Now change the data in PostgreSQL, using the following update statement:
UPDATE USERS SET POINTS = CASE WHEN USERNAME = 'Batman' then 5 else 10 end;
In MySQL, execute:
SELECT * FROM users_mysql;
We can see the effect on the MySQL table points
in near real time:
+----+-----------+------+--------+ | id | username | hero | points | +----+-----------+------+--------+ | 1 | Spiderman | 1 | 10 | | 2 | Flash | 1 | 10 | | 3 | Joker | 0 | 10 | | 4 | Batman | 1 | 5 | +----+-----------+------+--------+
As mentioned in the sink connector definition, "auto.create": "true"
allows the automatic creation of the table if it doesn't exist, and "auto.evolve": "true"
allows the evolution of the table in cases when new data columns are included.
Removing a column
What about removing columns? Let's test it! Let's drop the same points
column we just added from the PostgreSQL terminal with:
ALTER TABLE USERS DROP COLUMN POINTS;
If we execute our previous query in MySQL again:
SELECT * FROM users_mysql;
We see that column is not dropped in MySQL, the structure of the users_mysql
is the same and the points
column is still filled.
+----+-----------+------+--------+ | id | username | hero | points | +----+-----------+------+--------+ | 1 | Spiderman | 1 | 10 | | 2 | Flash | 1 | 10 | | 3 | Joker | 0 | 10 | | 4 | Batman | 1 | 5 | +----+-----------+------+--------+
This makes sense because downstream applications might be using the points
column. An unexpected and unhandled drop of a column could have disastrous effects on the downstream data pipelines. However the risk actually is dealing with updated information, as the points
column has been dropped from PostgreSQL and therefore cannot be updated.
Changing the column type
What about changing the column type? A change in the column type could be needed in cases, like this example, where we want to migrate from a BOOLEAN
to a VARCHAR
for the HERO
column. Let's execute the following in PostgreSQL:
ALTER TABLE USERS ALTER COLUMN HERO TYPE VARCHAR;
As before nothing happens on the DDL statement, but, when we try to add some data using the new VARCHAR
column type:
INSERT INTO USERS (USERNAME, HERO) VALUES ('Panda', 'middle');
The insert goes well PostgreSQL as expected, but the Debezium source connector crashes with the following error:
ERROR "Caused by: org.apache.kafka.common.config.ConfigException: Failed to access Avro data from topic sourcepg.public.users : Incompatible schema, compatibility_mode=BACKWARD reader union lacking writer type: RECORD; error code: 409" Backwards compatibility, old schema type is boolean (with null), new schema type is string... incompatible
This is because the schema is stored in Karapace with the BACKWARDS
compatibility setting. The BACKWARDS
compatibility ensures that consumers using an older schema definition are able to consume events produced with the current schema. The change, from BOOLEAN
to VARCHAR
could stop old consumers from being able to parse the information correctly, so it's not allowed and the connector fails.

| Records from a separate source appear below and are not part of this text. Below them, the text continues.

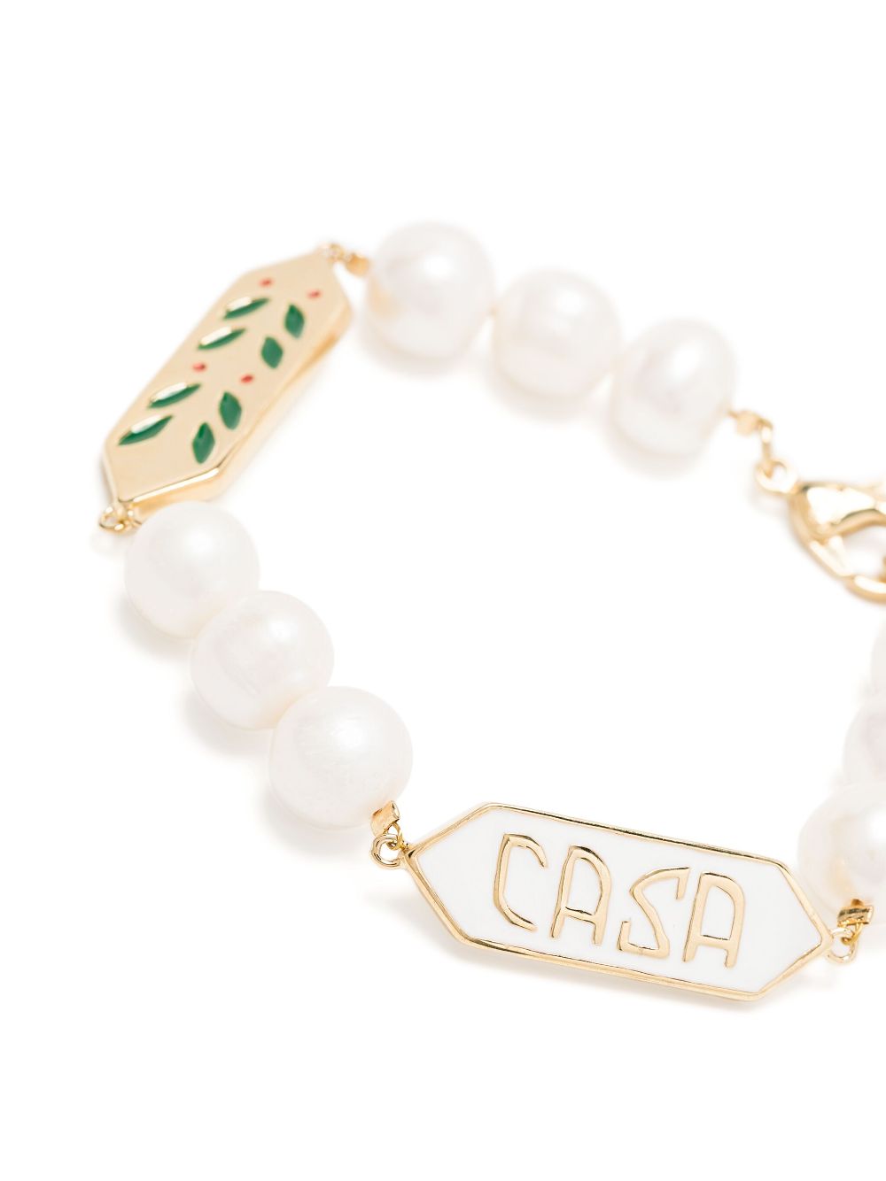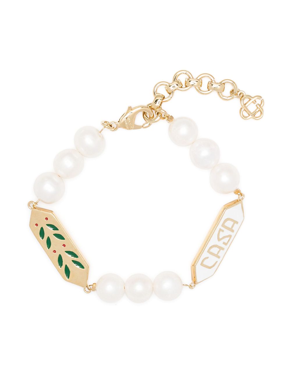Bratara Casablanca Pearl Logo auriu, formata din perle, placute cu logo Casablanca gravat si inchidere carabina. 100% perle; 100% metal. Aceasta bratara vine insotita de cutie.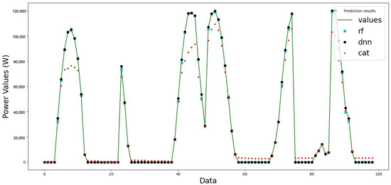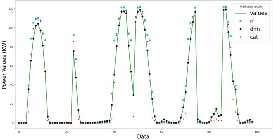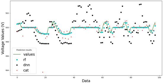 In Figure 12, the situation is completely different, because the voltage values only range from 499 V to 501 V, and most are clustered above 500 V. ML models have difficulty predicting these stable movements. As shown in the graph, DNN usually makes predictions above or below the true value, while CatBoost was unable to accurately predict the upper and lower values, and the average remained around 500 V, so the graph shows that RF predicted with the best accuracy.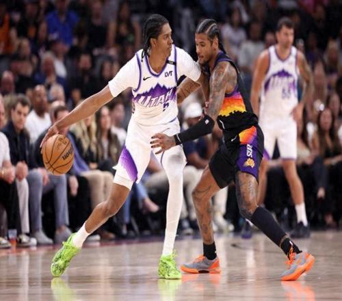 而馬刺和掘金打火箭都是吊打20分以上,從戰(zhàn)力對(duì)比來(lái)看,太陽(yáng)實(shí)際戰(zhàn)斗力確實(shí)在火箭之上。今天面對(duì)魚腩爵士,相比火箭打誰(shuí)都便秘,太陽(yáng)則打出強(qiáng)隊(duì)統(tǒng)治級(jí)表現(xiàn)。杰倫格林開場(chǎng)就進(jìn)入瘋狂模式,三分、中投全面開花,太陽(yáng)迅速打出一波流,將分差拉開到18分。第二節(jié),格林與布克繼續(xù)聯(lián)手轟炸,半場(chǎng)結(jié)束時(shí)領(lǐng)先優(yōu)勢(shì)已達(dá)28分,比賽早早失去懸念。全場(chǎng)比賽數(shù)據(jù)亮眼:布克貢獻(xiàn)26分3籃板8助攻,展現(xiàn)全面掌控力;阿倫砍下19分;伊戈達(dá)羅得到13分8籃板,內(nèi)線穩(wěn)固;替補(bǔ)馬努阿奇也有12分9籃板3蓋帽的全面發(fā)揮。而杰倫格林僅出戰(zhàn)22分鐘,便22投13中,其中三分11投5中,高效砍下31分6籃板3助攻。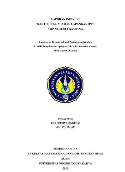 Universitas ahmad dahlan merupakan salah satu sarana yang digunakan sebagai latihan mengajar bagi mahasiswa calon guru. Laporan individu praktik pengalaman lapangan ( ppl ) smp negeri 2 muntilan disusun dan diajukan guna memenuhi persyaratan dalam menempuh mata kuliah ppl . 8/2/2019 contoh laporan ppl iain. Media berbagi pengetahuan contoh laporan ppl smpn 23 bandar. Laporan kegiatan praktik pengalaman lapangan ppl smp.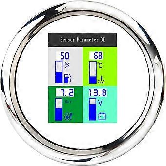 HD 4in1 85mm Digital Multi-function Gauge Fuel Level Gauge Water Temperature Oil Pressure Gauge Voltage for Boat Car Motorcycle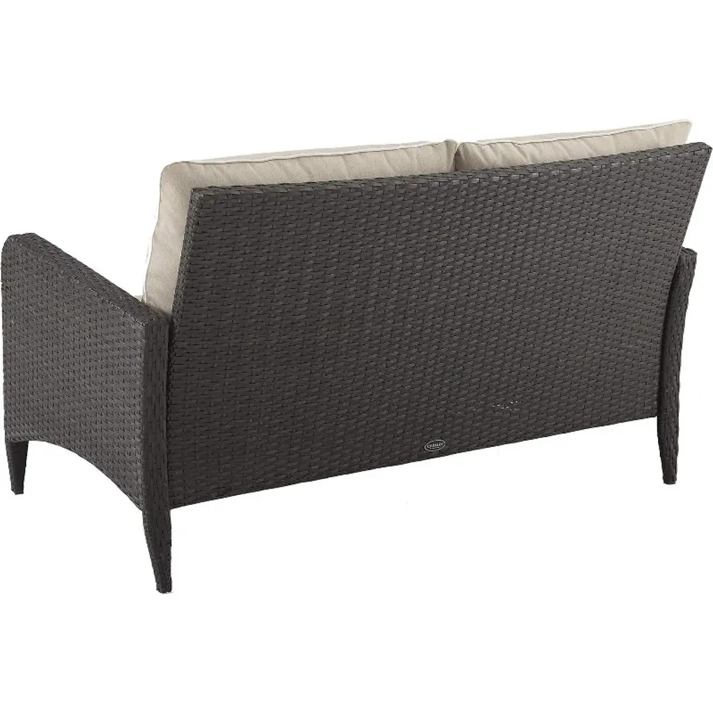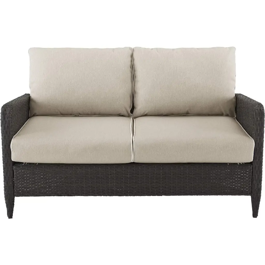 Kick back and relax in the comfort of the Kiawah Outdoor Loveseat. Enjoy the deep seating and plush weather-resistant piped cushions, plus all-weather resin wicker elegantly woven over durable powder-coated steel. On its own or paired with other outdoor seating, this two-seat outdoor sofa is a fantastic addition to your patio or deck.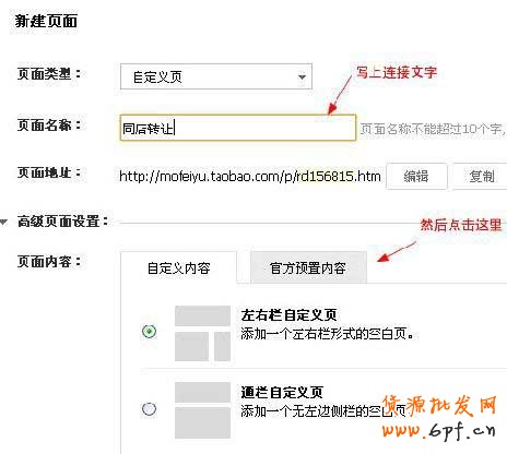 5.在新建頁面中填寫內容,首先在頁面名稱中寫上“同店轉讓”,當然不一定要寫這個,寫其他也可以,填寫好頁面名稱之后,點擊“官方預置內容”,把“同店寶貝轉讓”勾選了。(如下圖)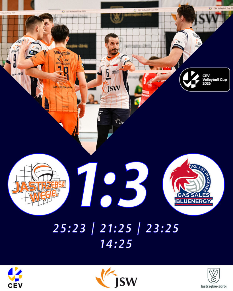 JSW Jastrzębski Węgiel – Gas Sales Bluenergy Piacenza 1:3 (25:23, 21:25, 23:25, 14:25)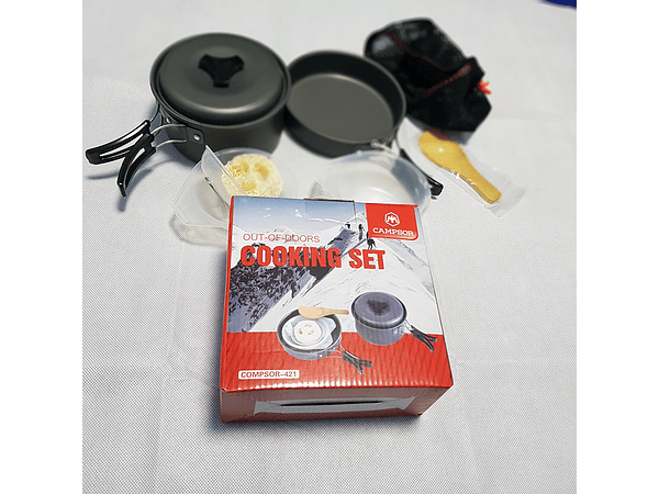 - SET OLLA COMPACTA + MINI COCINILLA + CUBRE VIENTO PLEGABLE
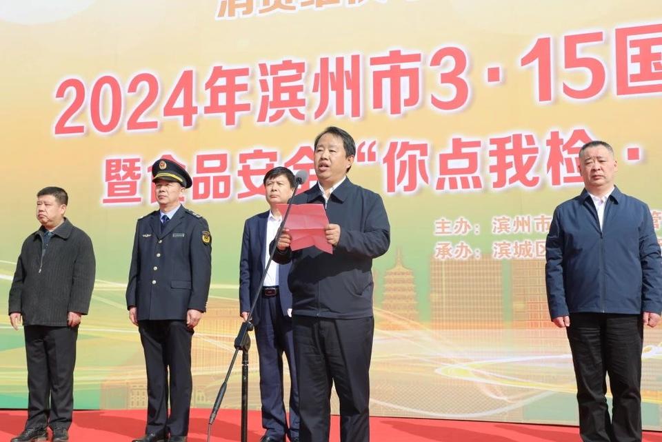 3月12日,2024年滨州市3·15国际消费者权益日广场宣传暨食品安全“你点我检·服务惠民生”活动启动仪式在滨城区举行,副市长杜玉杰出席活动并讲话。
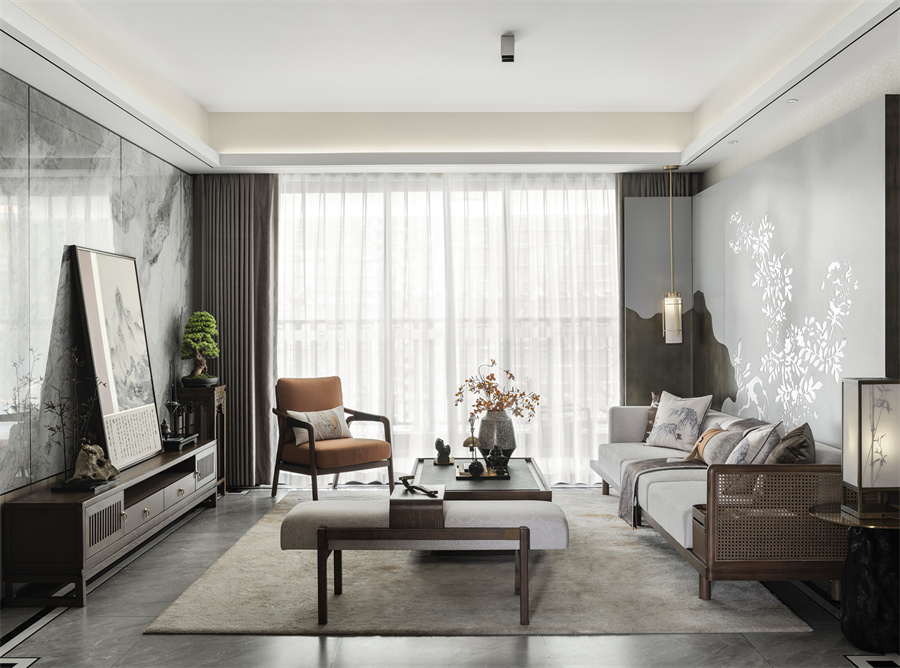 本項目以“東方意境·現代演繹”爲核心設計理念,致力於打造兼具文化深度與生活美學的高品質空間體驗。在整體空間佈局中,我們融合了傳統中式美學精髓與當代簡約設計語言,通過材質、光影與細節的精妙平衡,營造出靜謐雅緻、氣韻生動的居住氛圍。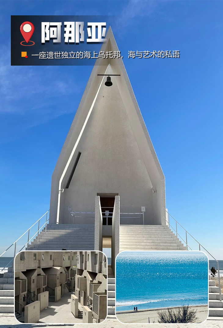 阿那亚有与海相伴的孤独图书馆,独特造型和静谧氛围成热门打卡点;洁白的阿那亚礼堂极具设计感,是艺术展、音乐会举办地;隐匿沙丘之下的 UCCA 沙丘美术馆,室内展厅借 “洞口” 将海景引入,与艺术展品相映成趣。除了这些标志性建筑,阿那亚还有优质海滩,沙质细腻,海水清浅。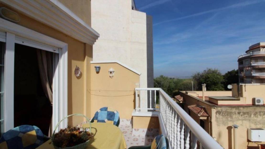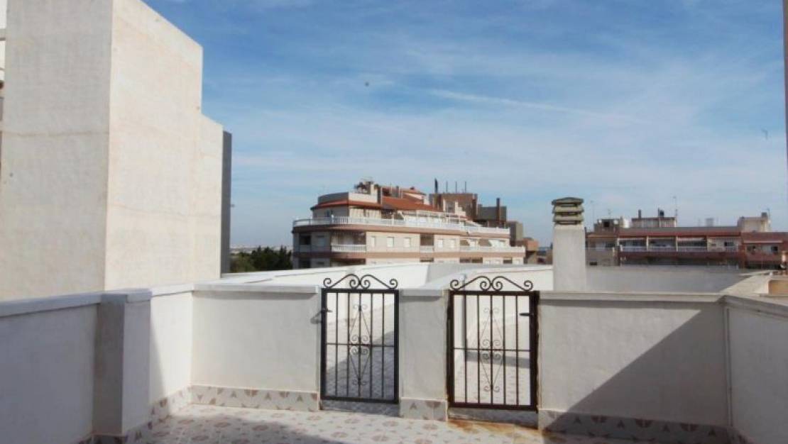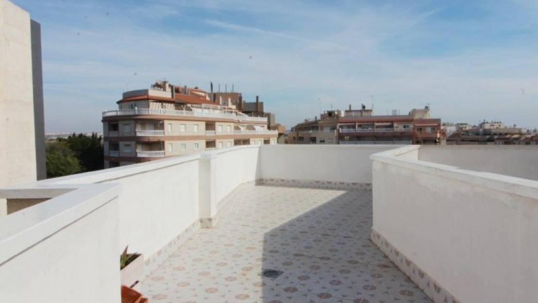 Amplio ático con orientación NORTE ubicado en el 3er piso de un edificio central en La Mata. La casa con 73,57 m² consta de 2 dormitorios, 1 baño, cocina equipada y una soleada terraza al aire libre. Aire acondicionado frío calor centralizado. Solarium privado de 27.70 m². Se entrega totalmente amueblado y equipado, según inventario. Edificio de reciente construcción. Su ubicación céntrica y tranquila lo hace rodeado de todos los servicios de la ciudad, como farmacia, supermercado, restaurantes, parada de autobús, etc. Garaje incluido. A 35 km del aeropuerto de Alicante, a 15 km de los mejores campos de golf ya solo 200 m (0.2 km) de las playas de La Mata. SUMA 223,55 euros / año. (Vivienda y garaje). COMUNIDAD € 70 / Trimestre (vivienda). COMUNIDAD 130 € / Semestre garaje.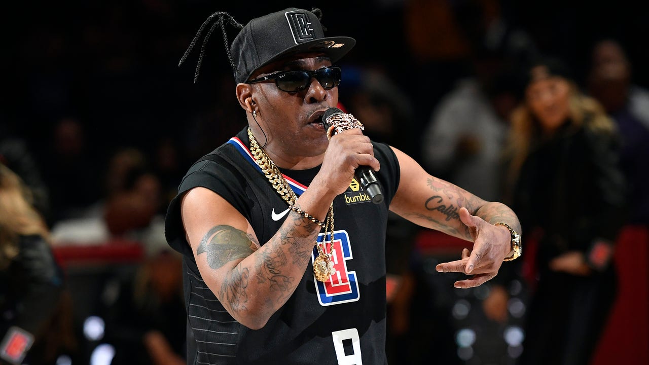 Rapper Coolio performs during the halftime of Golden State Warriors and Los Angeles Clippers basketball game at Staples Center in 2019. (Photo by Kevork Djansezian/Getty Images)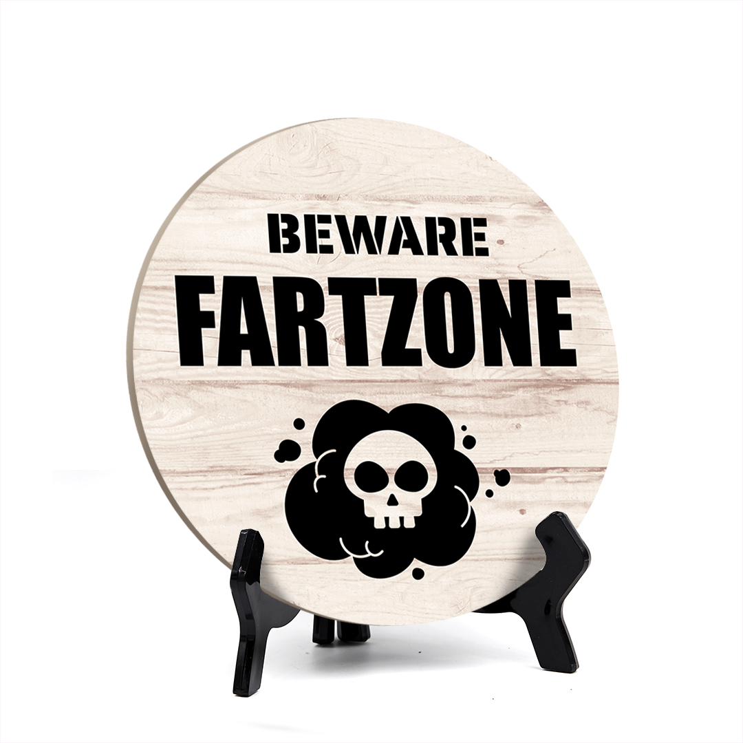 Round Beware Fart Zone, Decorative Bathroom Table Sign. This table sign comes with it's own black acrylic easel, easy to set up and display on any flat surface (5" x 5").

Changing the compatibility level
For the sake of this example, let's remove the BACKWARDS
compatibility setting and allowing all changes in the source system to propagate. We'll set compatibility to NONE
allowing all the changes to propagate to the Apache Kafka topic.
First, we check the default compatibility level for the Apache Kafka service with:
avn service schema configuration demo-drift-kafka
This shows BACKWARD
being the default. The same default setting is applied to the sourcepg.public.users-value
topic, that we can check with:
avn service schema subject-configuration demo-drift-kafka \ --subject sourcepg.public.users-value
To change the compatibility level to NONE
for both key and value, run the following commands:
avn service schema subject-configuration-update demo-drift-kafka \ --subject sourcepg.public.users-value \ --compatibility NONE avn service schema subject-configuration-update demo-drift-kafka \ --subject sourcepg.public.users-key \ --compatibility NONE
Now, if we restart the Debezium Source connector task 0
with:
avn service connector restart-task demo-drift-kafka pg-source-users 0
We see that the source connector restarts correctly. Using avn service connector status demo-drift-kafka pg-source-users
shows the connector in the RUNNING
state:
{ "status": { "state": "RUNNING", "tasks": [ { "id": 0, "state": "RUNNING", "trace": "" } ] } }
- The JDBC sink connector to MySQL fails. Running
avn service connector status demo-drift-kafka cdc-sink-mysql
returns an error:
Caused by: org.apache.kafka.connect.errors.ConnectException: java.sql.SQLException: java.sql.BatchUpdateException: Incorrect integer value: 'middle' for column 'hero' at row 1 java.sql.SQLException: Incorrect integer value: 'middle' for column 'hero' at row 1
The error indicates that the connector attempted to insert the new value (middle) into an integer column. This implies that the auto-evolution process did not alter the structure of the pre-existing column.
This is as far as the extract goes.